An Indian pipeline would be a business venture as any other and is not “reconciliation”; rather, an infringement and a threat.
Be certain that the apparatus killing this planet is a nasty one and it seems intent on finishing the dirty deed. It gains strength through violence with the jack-booted obedient servants at its beck and call. It is commanding enough to recruit our cousins if not you and me. Though it is tough as hell, it’s not that smart.
Left to its own devices this Juggernaut will continue killing our planet, and without intervention our fate is sealed and we may as well prepare a dignified exit, but that would be irresponsible.
While it must be stopped, don’t wait for the Indigenous people to lead. The Indians are few in number, battle-weary, and, along with the multitudes, distracted by the ballgames and trying to pay the bills. We are too easy to imprison, too easy to kill, and as you see, as fallible as any.
Be assured, however, that on the front lines the Indigenous people are already standing up for the health of the planet, already standing for basic clean air and water. Most of us love this planet and respect life before money.
Children all over the world are calling out for us to stop this careless behaviour and fix this disorder. The grown-ups still ignore the symptoms and avoid the cure.

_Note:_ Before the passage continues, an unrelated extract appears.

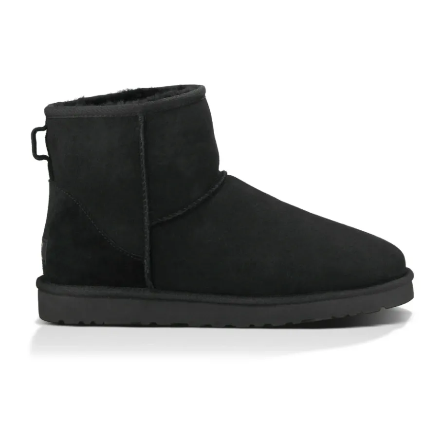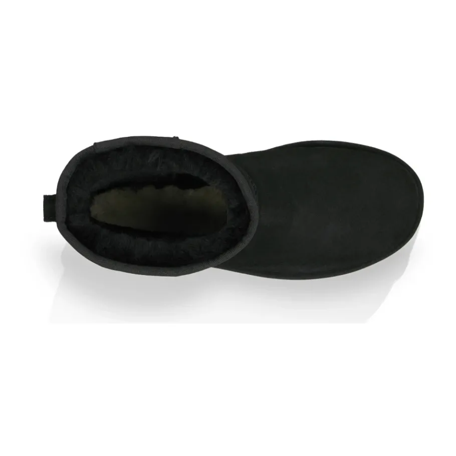 De UGG Classic Mini Boot is een suède laars tot aan de enkel, ontworpen voor dagelijkse warmte en betrouwbare grip, met een inlegzool van schapenvacht en een flexibele Treadlite-buitenzool. Belangrijkste kenmerken: Zwart | Suède | Water- en vlekbestendig | Treadlite-buitenzool voor grip | Inlegzool van schapenvacht (bont) | Voetbed van schuim | Trekbandje aan de hiel | Enkelhoog silhouet | Geweven suède hielstuk met logo | Trekbandje aan de achterkant | Afmetingen & pasvorm: Hoogte: 15 cm | Samenstelling & verzorging: Suède | Schapenvacht | Rubber | Schuim

Reach out across the chasms to your fellow earthlings, devote some time to figuring this thing out. In each of us is some measure of good and understanding of truth, and somewhere in there is the solution. There is no need to put anyone in harm’s way.
We, the multitudes, allowed it to come to this. We, the creators of the Juggernaut, have got to fix it together.
Guujaaw is known as Hereditary Chief Gidansta of the Haida Nation. He is also an advisor to the Coastal First Nations.